Status in Ubuntu Cloud Archive:
  Fix Released
Status in Ubuntu Cloud Archive mitaka series:
  Triaged
Status in Ubuntu Cloud Archive newton series:
  Triaged
Status in os-brick:
  Fix Released
Status in python-os-brick package in Ubuntu:
  Fix Released
Status in python-os-brick source package in Xenial:
  In Progress
Status in python-os-brick source package in Yakkety:
  Triaged

Bug description:
  [Impact]

   * multipath-tools has a bug that 'multipath -r' can cause
  /dev/mapper/<wwid> to be deleted and re-created momentarily (bug
  #1621340 is used to track this problem), thus os.stat(mdev) right
  after _rescan_multipath ('multipath -r') in os-brick can fail if it is
  executed before multipath dev being re-created. This will also lead to
  multipath iscsi does not logout of sessions on xenial.

  [Test Case]

   * Enable cinder multipath by adding iscsi_ip_address and iscsi_secondary_ip_addresses in cinder.conf
   * Enable nova multipath by adding iscsi_use_multipath=True in [libvirt] secion of nova.conf
   * Detach a iSCSI volume
   * Check that devices/symlinks do not get messed up mentioned below, or check that multipath device /dev/mapper/<wwid> doesn't be deleted and re-created momentarily

  [Regression Potential]

   * multipath-tools loads devices on its own, we shouldn't need to be
  forcing multipathd to do reload, so there is no regression potential.
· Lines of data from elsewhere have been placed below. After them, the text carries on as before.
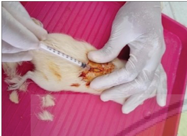
Figure 1: Scaffold application in subcutaneous rats
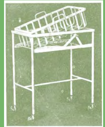
Circa 1950 Imperial catalogue.

For more information, please visit www.surgmed.com (and click on the Imperial Surgical link)
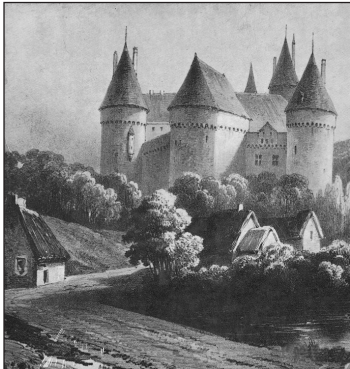
The castle in which Chateaubriand grew up

There is then the illustration of Combourg where he spent his time. He was the first writer of the French Romantics although his environment was not a castle from the Romantic period.
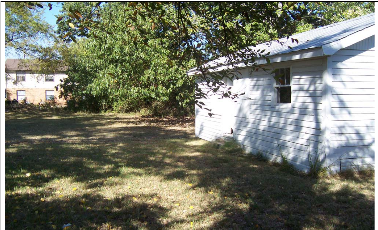
View looking north of the rear yard.
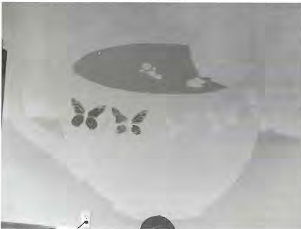
A unfinished butterfly-rimmed coffee cup adorns the left side of the wall in the Beach House Café. More butterflies are sketched in, flying skyward to the right, unseen in this photo.

This article appeared originally in the Monterey Herald, May 17, 2017. Reprinted with permission.
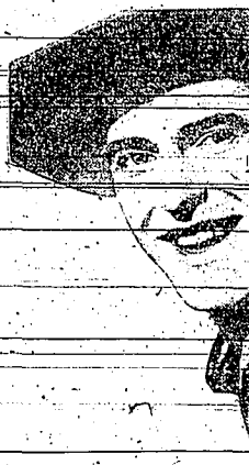
Ken Maynard in "The Wagon Show"
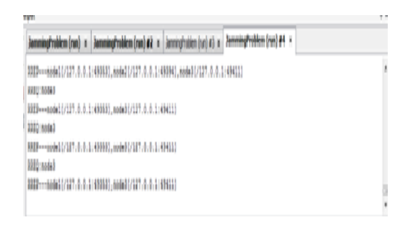
Figure 2: Jamming attack description with attacker node(using Rrep-Ack Rerr,Rrep,Rreq).

Sticking is not a transmit-just movement. It requires a capability to recognize and distinguish exploited person system movement, which we signify as sensing. At the physical layer a sensor needs to recognize the vicinity of parcels. Since the system is encoded, just the begin time and size of the bundle might be measured. At higher layers a sensor needs to order bundles utilizing convention data. In 802.11 for example, whether a parcel is effectively stuck or not could be seen by whether a hub sends a short bundle (i.e. the RREP-ACK) inside 10msec. Ordinarily, sticking assaults have been considered under an outer risk model, in which the jammer is not piece of the system. Under this model, sticking systems incorporate the nonstop or irregular transmission of high-power obstruction
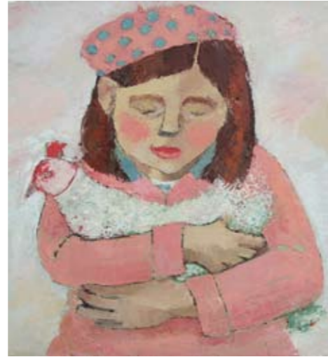
Rosie 50 x 45cm
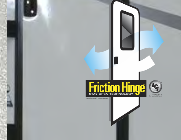
Main Entry Door with Friction Hinge
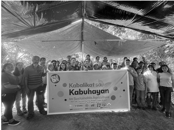
Brgy. Bayabos, Sablan Benguet

Simula ng ilunsad ni Henry "Tatang" Sy, Sr. noong 2008, mahigit 28,000 na magsasaka na ang naka-pagtapos sa nasabing programa.
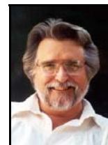
Neale Donald Walsch

Oprah Winfrey’s misplaced faith in Marianne Williamson and the New Age teachings of A Course in Miracles is a sure sign of the times. But an even surer sign of the times is that most Christians are not taking heed to what is happening in the world and in the church. We are not contending for the faith as the Bible admonishes us to do (Jude 3). It is time for all of our Purpose-Driven and Emerging church pastors to address the real issue of the day. Our true Lord and Saviour Jesus Christ is being reinvented, redefined, and blasphemed right in front of our
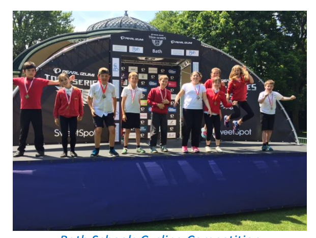
Bath Schools Cycling Competition
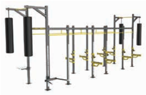
E6204 Multi Bridge

Tube Thickness: 3 mm Dimension: 862 x 285 x 350 cm Weight: 760 kg
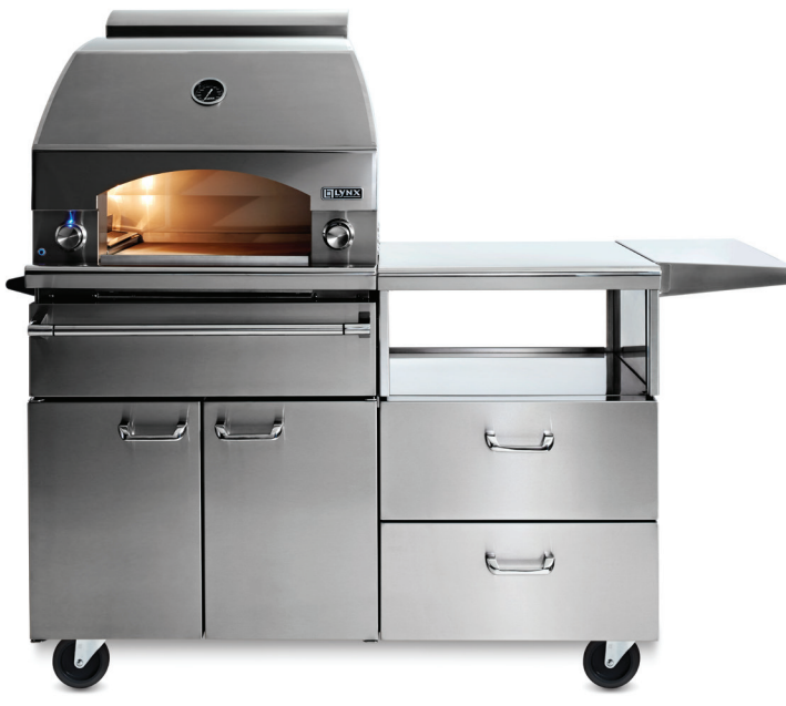
SHOWN ON 54" MOBILE KITCHEN CART
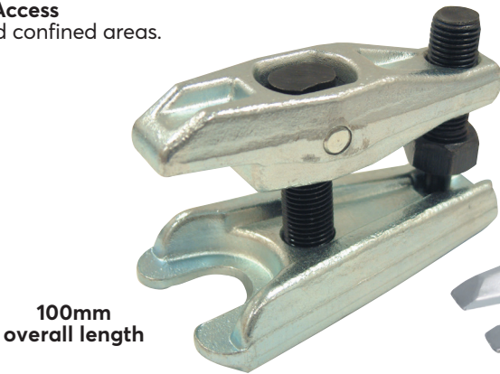
100mm overall length

Designed for use in hard to reach and confined areas. Mainly for use on Asian import cars.
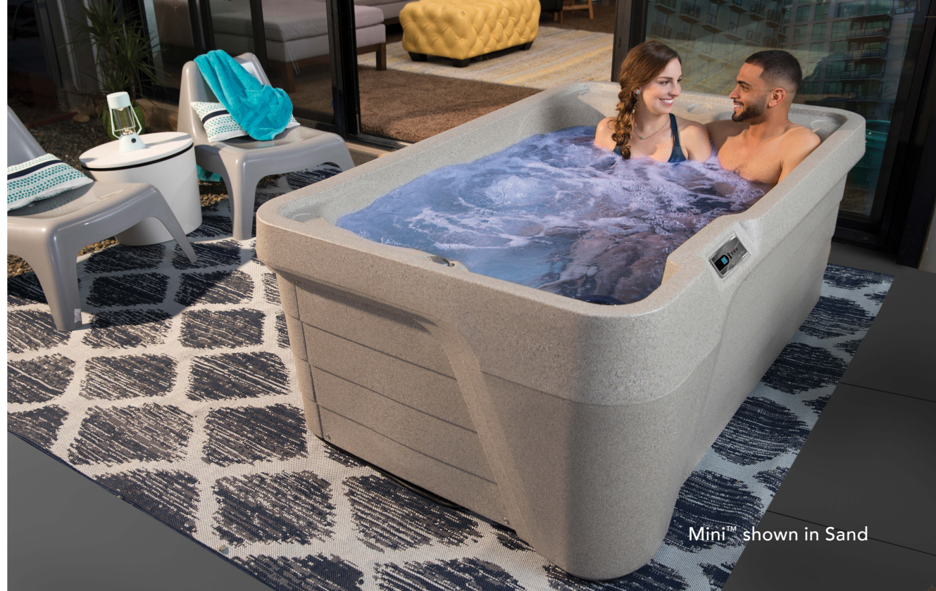
Mini™ shown in Sand
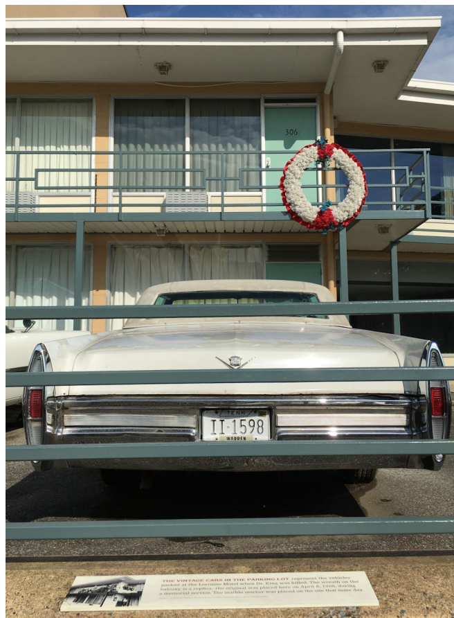
Note: National Civil Rights Museum, Memphis, TN (Site of Martin Luther King, Jr.'s Assassination).

at African American Museums where I use black museum patronage as a case to elaborate how the cultural values of the upper-middle and upper class diverge along such lines as race and ethnicity, profession, generation, and lifestyle. In the course of doing this research, I noticed that individuals weren’t the only important donor pool for black museums. Corporate gifts and sponsorships are also critical to their survival and sustenance. This insight put me on the path to studying black cultural patronage by corporations.
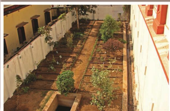
Medicinal Plants Garden
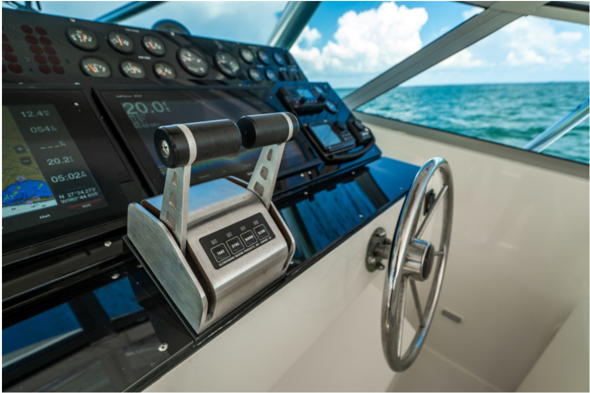
Bertram 46 Moppie
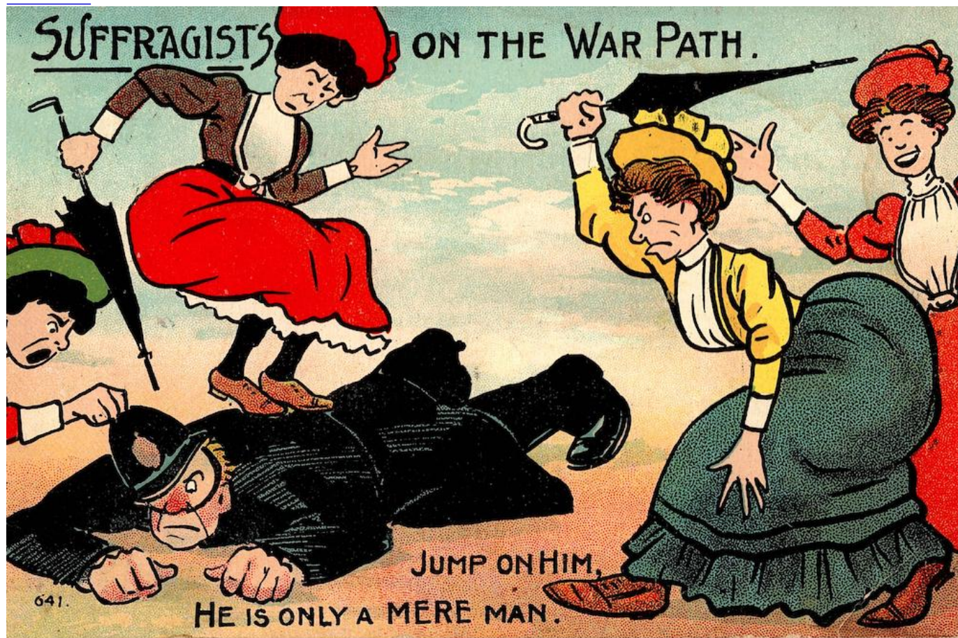
Anti-suffrage postcard
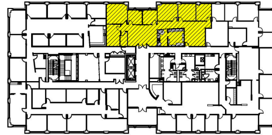
KEY PLAN 2,792 RSF

1450 Raleigh Road | Chapel Hill, NC 27517

  stack at xenial-devstack-master-master-20160914-092014:~$ sudo iscsiadm -m session
  tcp: [5] 10.0.1.10:3260,1 iqn.2010-06.com.purestorage:flasharray.3adbe40b49bac873 (non-flash)
  tcp: [6] 10.0.5.10:3260,1 iqn.2010-06.com.purestorage:flasharray.3adbe40b49bac873 (non-flash)
  tcp: [7] 10.0.1.11:3260,1 iqn.2010-06.com.purestorage:flasharray.3adbe40b49bac873 (non-flash)
  tcp: [8] 10.0.5.11:3260,1 iqn.2010-06.com.purestorage:flasharray.3adbe40b49bac873 (non-flash)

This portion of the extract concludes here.